Home / News / India /  FinMin in consultation with RBI amends overseas investment rules. Details here

The government in consultation with RBI undertook a comprehensive exercise to simplify overseas investment rules. The Centre has announced an amendment in the Foreign Exchange Management (Overseas Investment) Rules. The new amendments have come into effect from Monday onward.

Currently, the overseas investment by a person resident in India is governed by the Foreign Exchange Management (Transfer or Issue of Any Foreign Security) Regulations, 2004 and the Foreign Exchange Management (Acquisition and Transfer of Immovable Property Outside India) Regulations, 2015.

In its statement on Monday, Finance Ministry said, "In view of the evolving needs of businesses in India, in an increasingly integrated global market, there is a need of Indian corporates to be part of the global value chain. The revised regulatory framework for overseas investment provides for simplification of the existing framework for overseas investment and has been aligned with the current business and economic dynamics."

"Clarity on Overseas Direct Investment and Overseas Portfolio Investment has been brought in and various overseas investment-related transactions that were earlier under approval route are now under automatic route, significantly enhancing "Ease of Doing Business," FinMin added.

Here are some of the amendments under the overseas investment rule.

Under the new amendment, the net worth of a registered partnership firm or LLP will be the sum of the capital contribution of partners and undistributed profits of the partners after deducting therefrom the aggregate value of the accumulated losses, deferred expenditure, and miscellaneous expenditure not written off, as per the last audited balance sheet.

Meanwhile, the amendment guides where investment by a person resident in India in the equity capital of a foreign entity is classified as ODI (Overseas Direct Investment), such investment will continue to be treated as ODI even if the investment falls to a level below 10% of the paid-up equity capital or such person loses control in the foreign entity.

Further, any Indian resident who has acquired and continues to hold equity capital of any foreign entity --- can invest in the equity capital issued by such entity as a rights issue; or may be granted bonus shares subject to the terms and conditions under these rules.

Also, RBI if necessary may in consultation with the central government -- stipulate the ceiling for the aggregate outflows during a financial year on account of financial commitment or Overseas Portfolio Investment.
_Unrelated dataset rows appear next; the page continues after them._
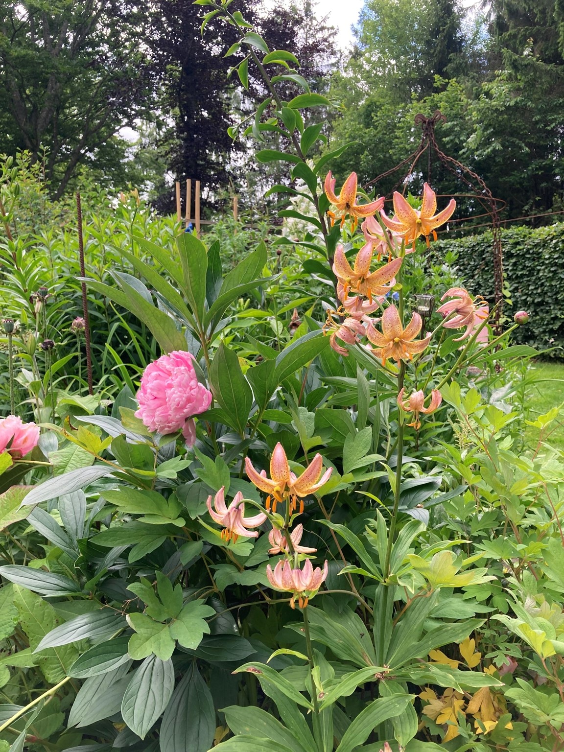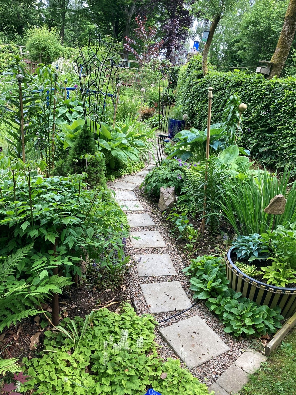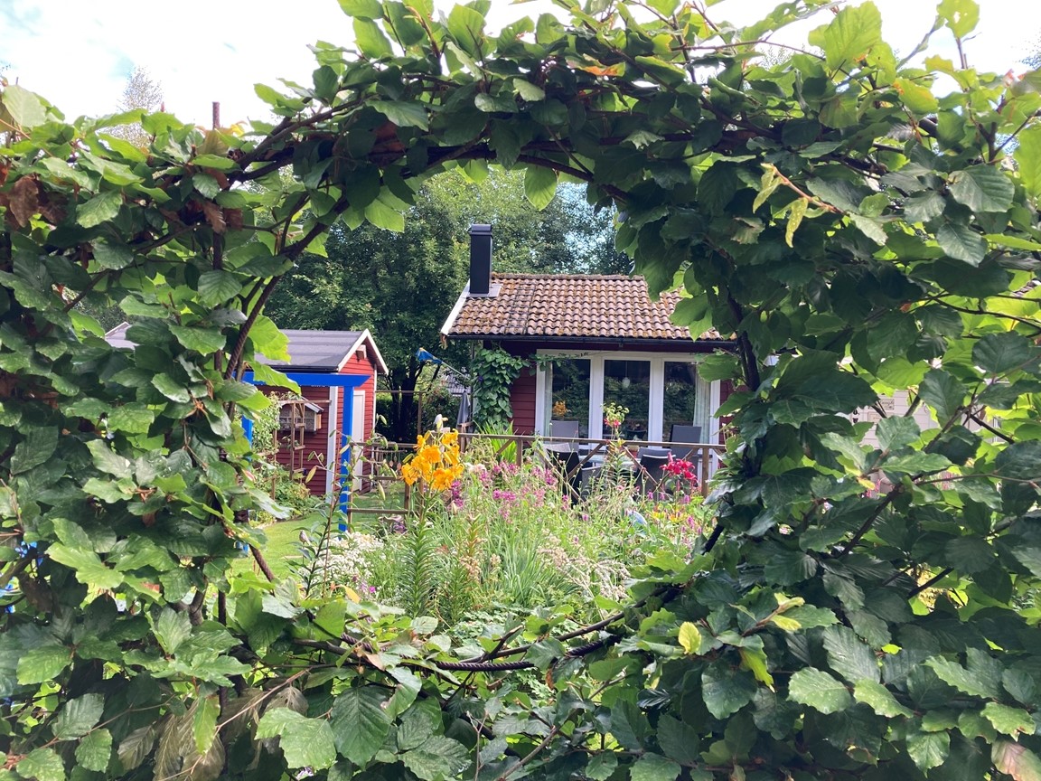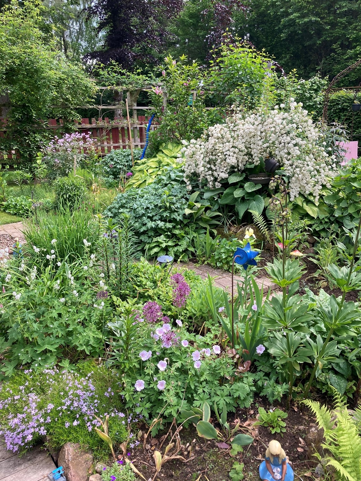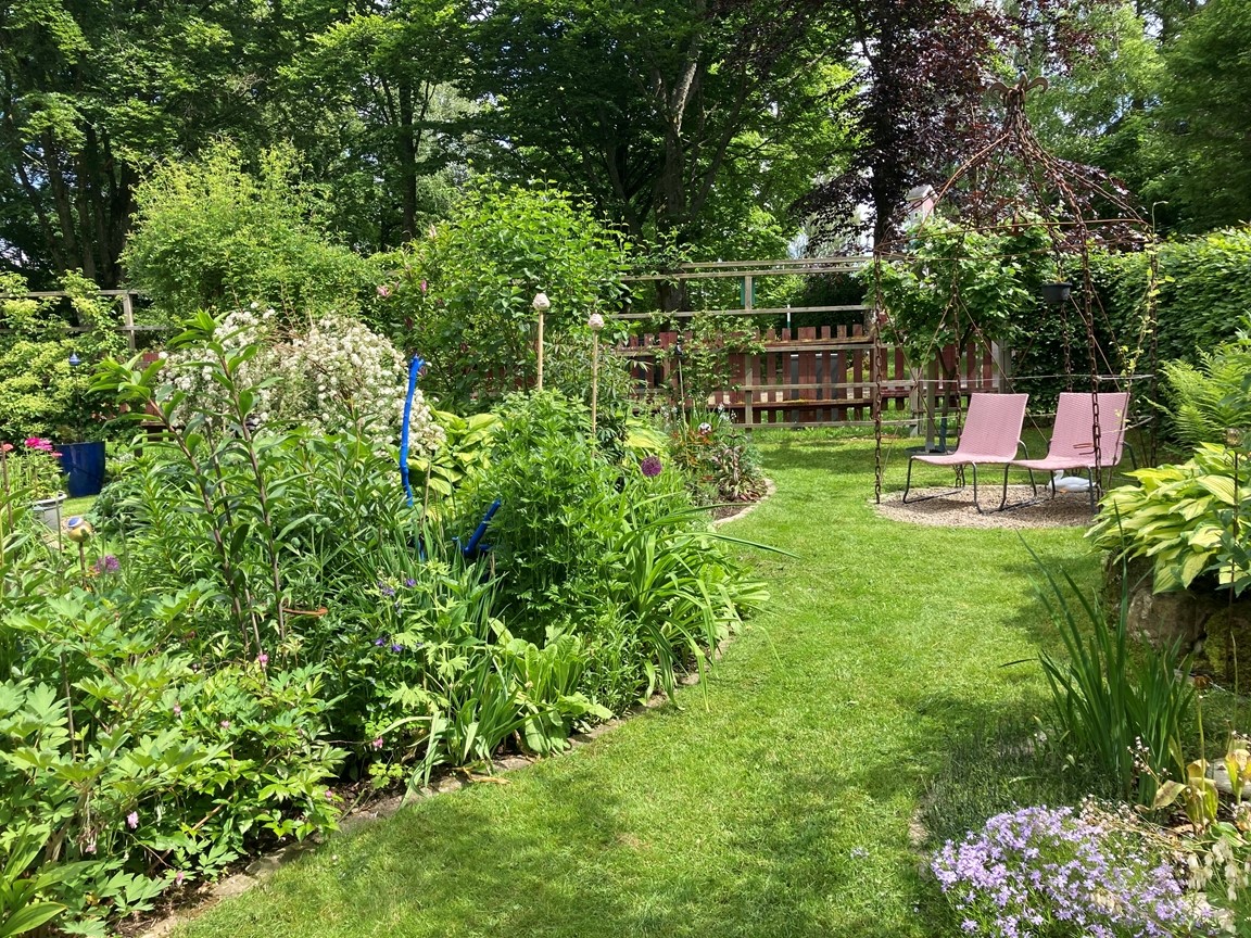 Stora, prunkande perennrabatter med vindlande stråk med olika sittplatser samsas med finurliga utsmyckningar.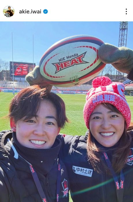 岩井明愛が自身のインスタグラムを更新。ジャパンラグビーリーグワンに所属する三重ホンダヒートの試合を妹・千怜とともに初めて観戦したことを投稿した。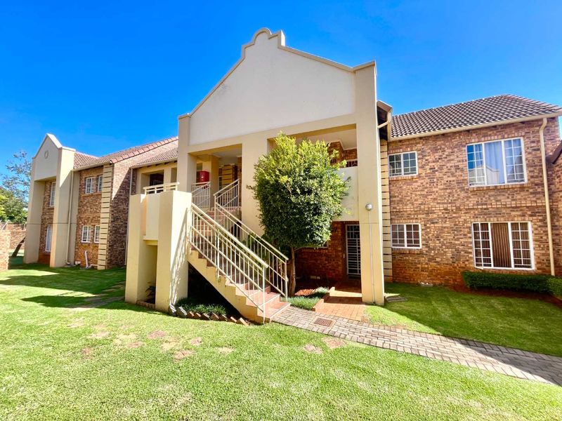 Effortless city living in the heart of Olympus, Pretoria — two-bedroom, one-bath apartment steps from Woodlands Boulevard, Park View Mall and Pretoria East Hospital, with 24-hour access-controlled security.
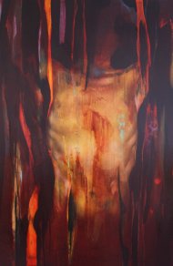 Se la dicotomia tra corpo e volto è il nodo della ricerca dello scultore tedesco, il pittore inglese Tomas Watson (Sussex, 1971. Vive e lavora ad Andros) dipinge figure umane, mostrate di spalle o di tre quarti di cui è impossibile scorgere i tratti del viso o la totalità della forma. La frammentarietà assurge a chiave interpretativa dell'identità. Sfondi accesi paiono, in certi casi, fondersi con il soggetto, in altri, invece, sembra che i corpi escano fuori -quasi scappino- dalla tela, il tutto senza togliere la centralità all'incarnato, alla resa della pelle e dell'età incerta del soggetto. La lezione di Bacon e Freud è ancora viva e vivida in Watson. Diversi, non solo per tecnica, ma anche per soggetti e taglio compositivo sono i suoi collage: il pittore introduce oggetti trovati per caso all'interno delle sue tele creando una sorta di racconto per immagini alla ricerca di una dignità essenziale ed esistenziale.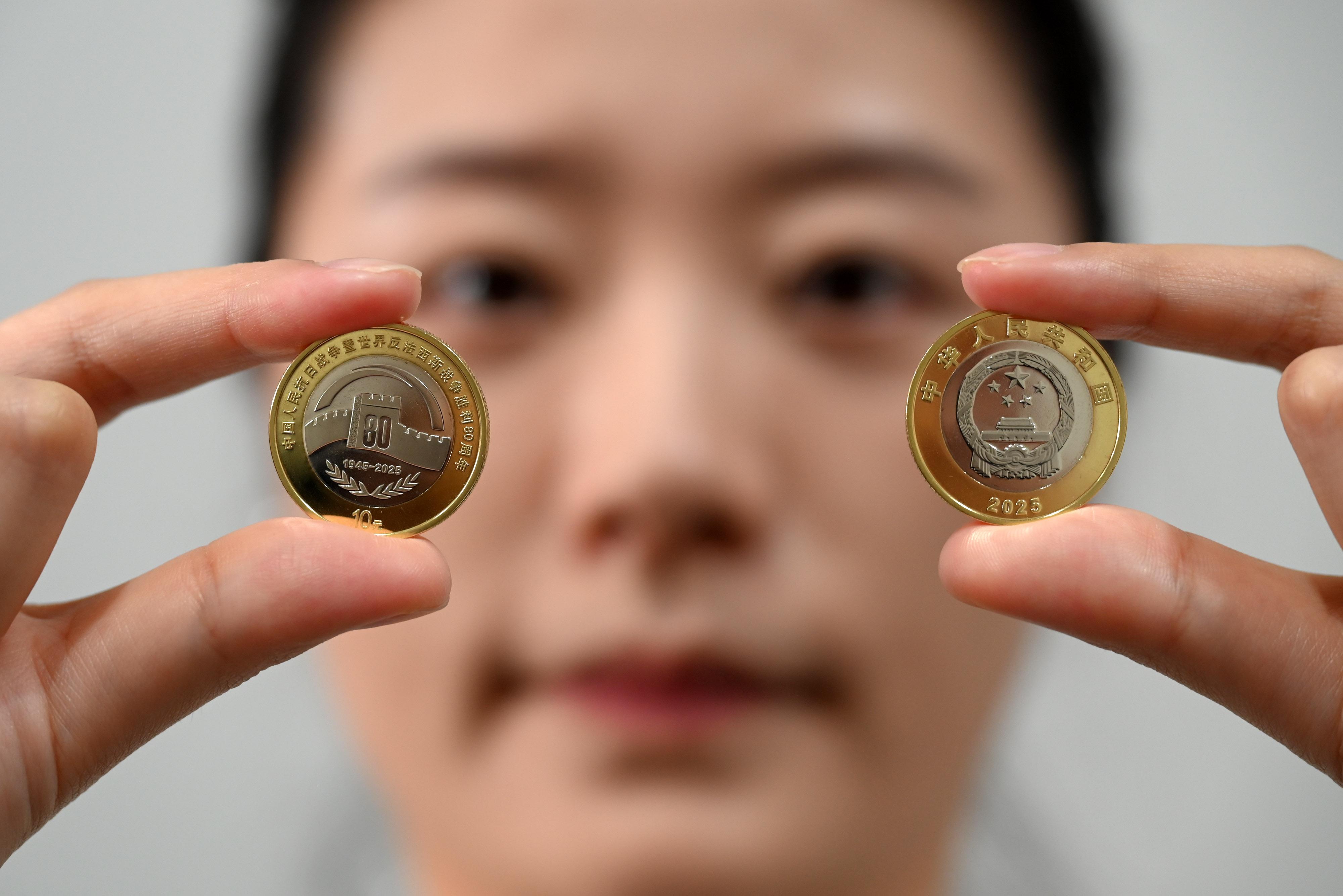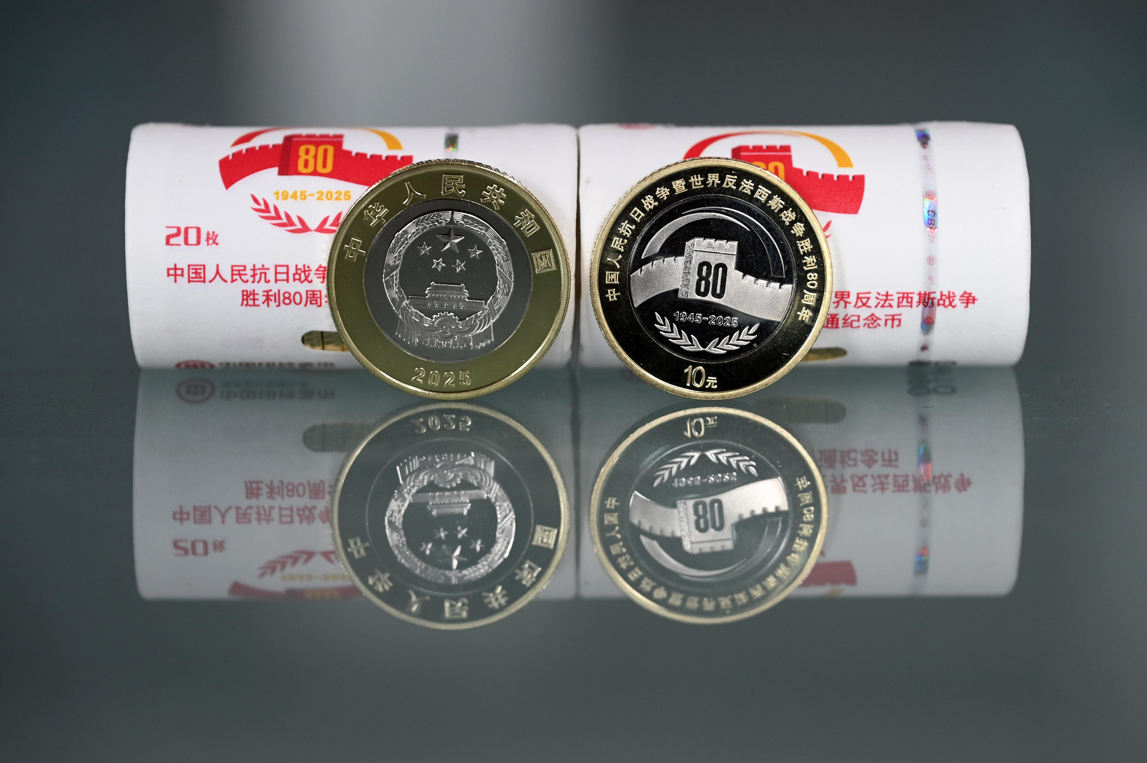 当日,中国人民银行正式发行中国人民抗日战争暨世界反法西斯战争胜利80周年双色铜合金纪念币。该枚双色铜合金纪念币面额10元,发行数量8000万枚,与现行流通人民币职能相同,与同面额人民币等值流通,采取预约兑换方式发行。

Further, RBI can stipulate the ceiling beyond which the amount of financial commitment by a person resident in India in a financial year shall require its prior approval.

Any Indian resident whose account is classified as non-performing assets, or as a wilful defaulter by any bank, or is under investigation by a financial service regulator -- will have to obtain a 'No Objection Certificate' from the lender bank or regulatory body or investigative agency before making any financial commitment or undertaking disinvestment.

The amendment states that the pricing will be on an arm’s length basis. It said, "The AD bank, before facilitating a transaction under sub-rule (1), shall ensure compliance with arm’s length pricing taking into consideration the valuation as per any internationally accepted pricing methodology for valuation."

Moreover, any Indian resident may transfer equity capital by way of sale to a person resident in India, who is eligible to make such investment under these rules, or to a person resident outside India.

In case the transfer is on account of the merger, amalgamation, or demerger or on account of buyback of foreign securities, such transfer or liquidation shall have the approval of the competent authority as per the applicable laws in India or the laws of the host country or host jurisdiction, as the case may be.

No person resident in India shall make a financial commitment to a foreign entity that has invested or invests in India, at the time of making such financial commitment or at any time thereafter, either directly or indirectly, resulting in a structure with more than two layers of subsidiaries, as per the amended rule.

An Indian entity having an overseas office may acquire immovable property outside India for the business and residential purposes of its staff.

Meanwhile, an Indian resident may acquire immovable property outside India from a person resident outside the country by way of inheritance, purchase out of foreign exchange held in RFC account; purchase out of the remittances sent under the Liberalised Remittance Scheme instituted by RBI; jointly with a relative; out of the income or sale proceeds of the assets, other than ODI.

An Indian entity not engaged in financial services activity in India may make ODI in a foreign entity, which is directly or indirectly engaged in financial services activity, except banking or insurance, subject to the condition that such Indian entity has posted net profits during the preceding three financial years.

Notably, an Indian entity not engaged in the insurance sector may make ODI in general and health insurance where such insurance business is supporting the core activity undertaken overseas by such an Indian entity.